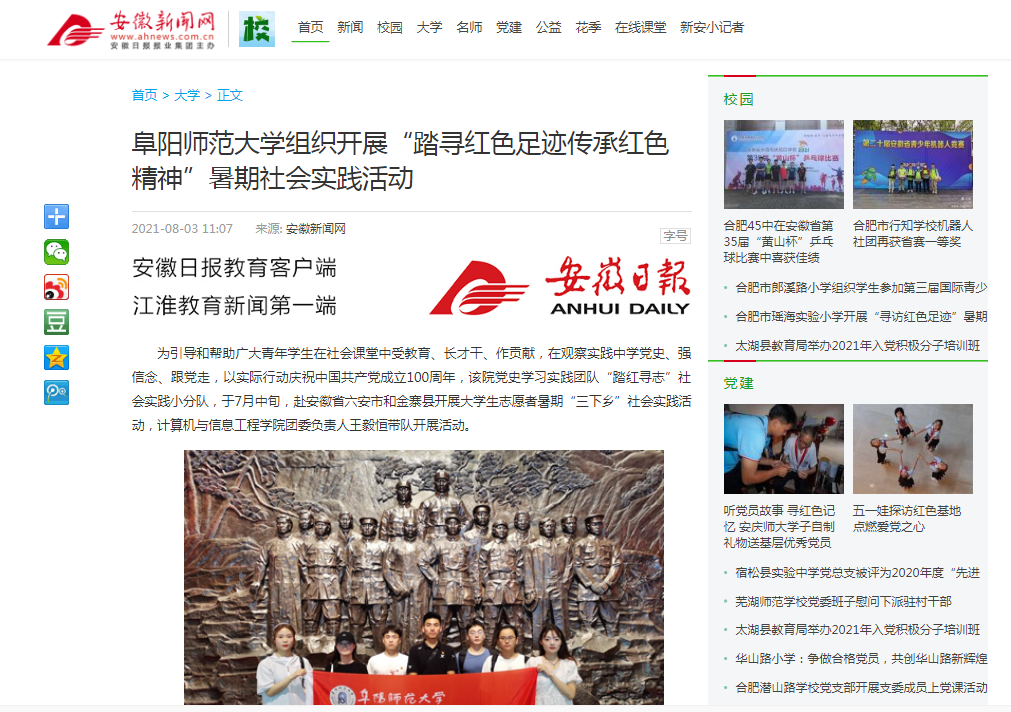 安徽新闻网报道:阜阳师范大学组织开展“踏寻红色足迹传承红色精神”暑期社会实践活动
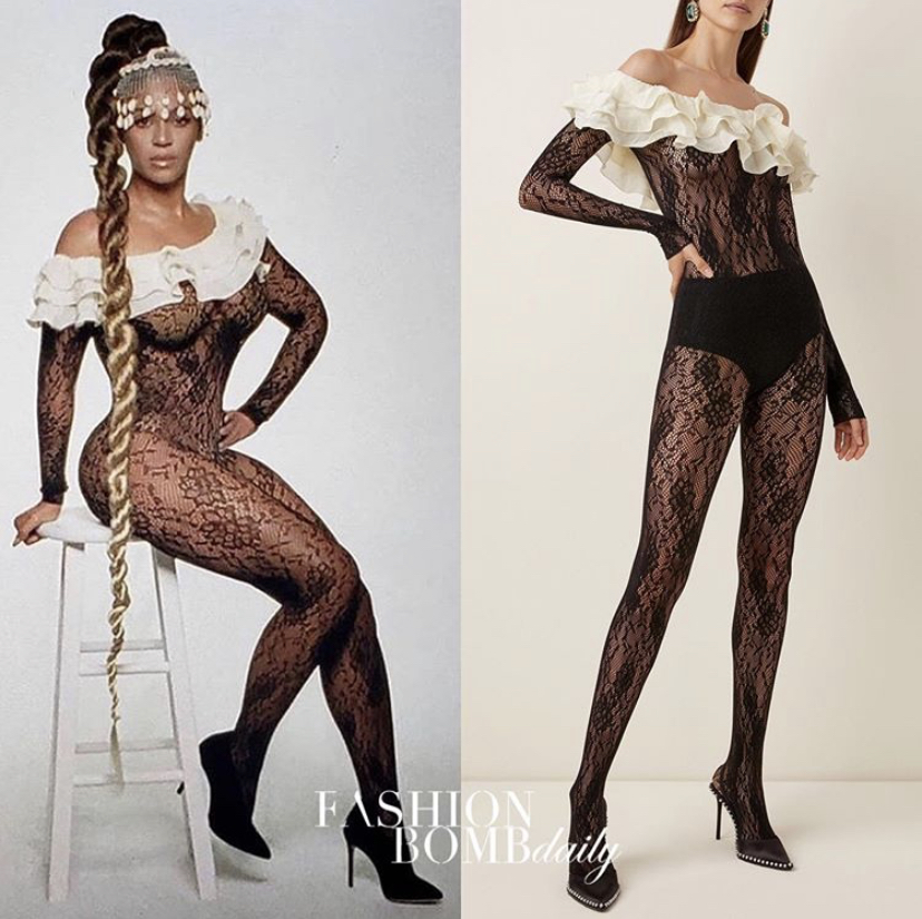 Beyonce perched wearing a $174 Alessandra Rich lace jumpsuit and a cowrie headpiece by La Falaise Dionn.
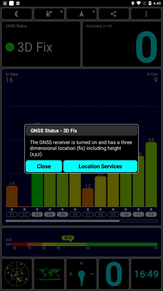 1. 全星系卫星监测:支持GPS、北斗等六大系统,圆形雷达图实时显示卫星位置与信号强度,直观区分各国卫星。
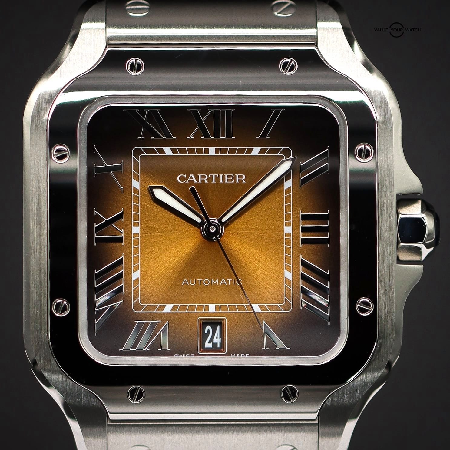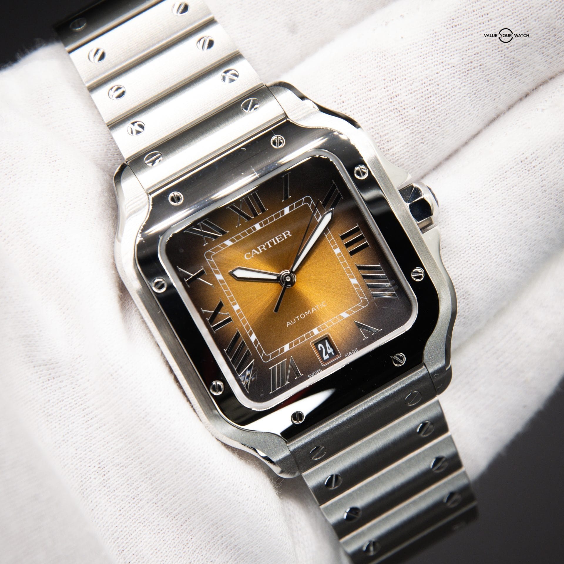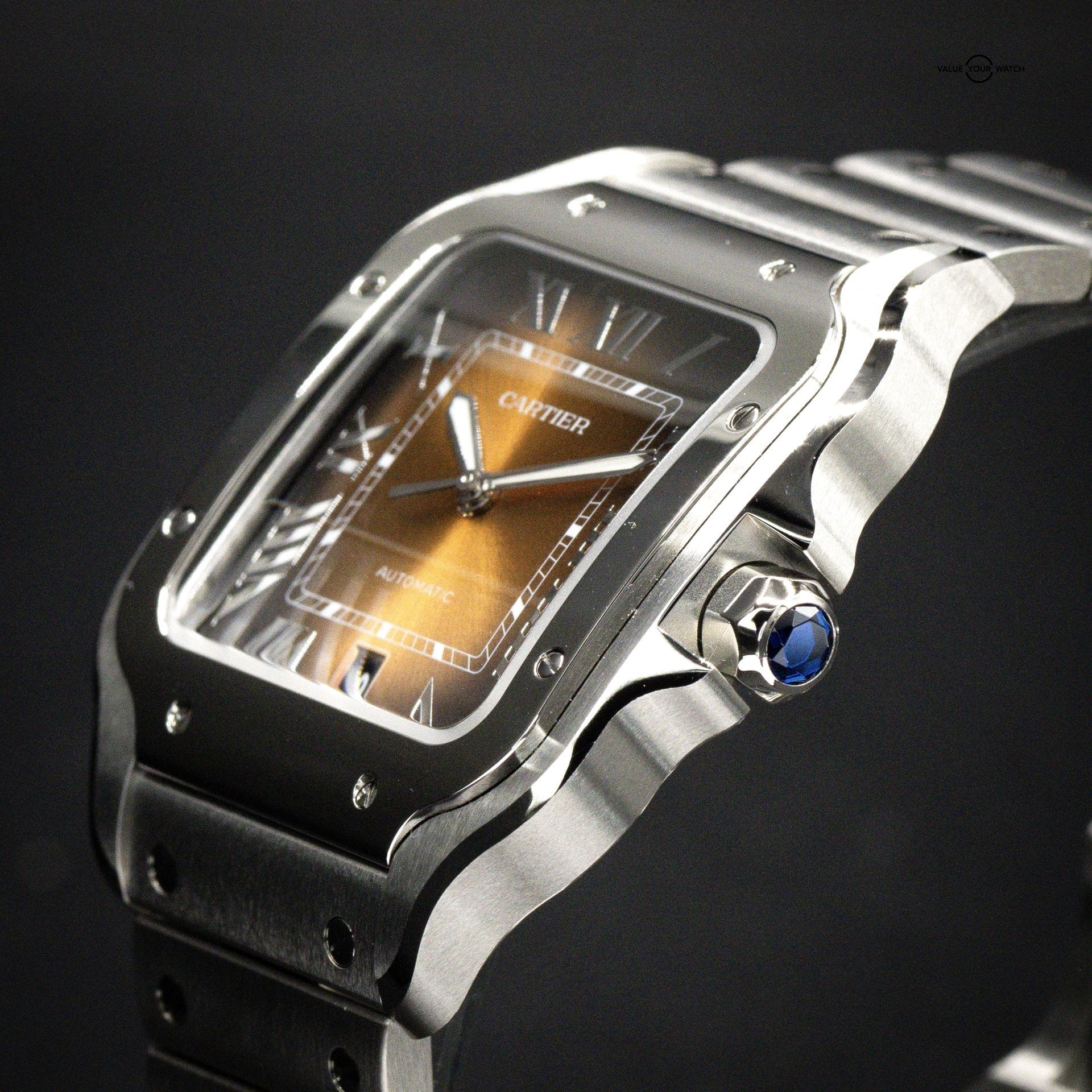 FS: CARTIER Santos Medium, NEW RELEASE, Brown/Gold Burst Dial, Steel Bracelet, Ref. WSSA0065, Full Set

- Action item -
For the data above, return an exact copy that contains no pictures.

- Solution to this task -
 安徽新闻网报道:阜阳师范大学组织开展“踏寻红色足迹传承红色精神”暑期社会实践活动
 Beyonce perched wearing a $174 Alessandra Rich lace jumpsuit and a cowrie headpiece by La Falaise Dionn.
 1. 全星系卫星监测:支持GPS、北斗等六大系统,圆形雷达图实时显示卫星位置与信号强度,直观区分各国卫星。
 FS: CARTIER Santos Medium, NEW RELEASE, Brown/Gold Burst Dial, Steel Bracelet, Ref. WSSA0065, Full Set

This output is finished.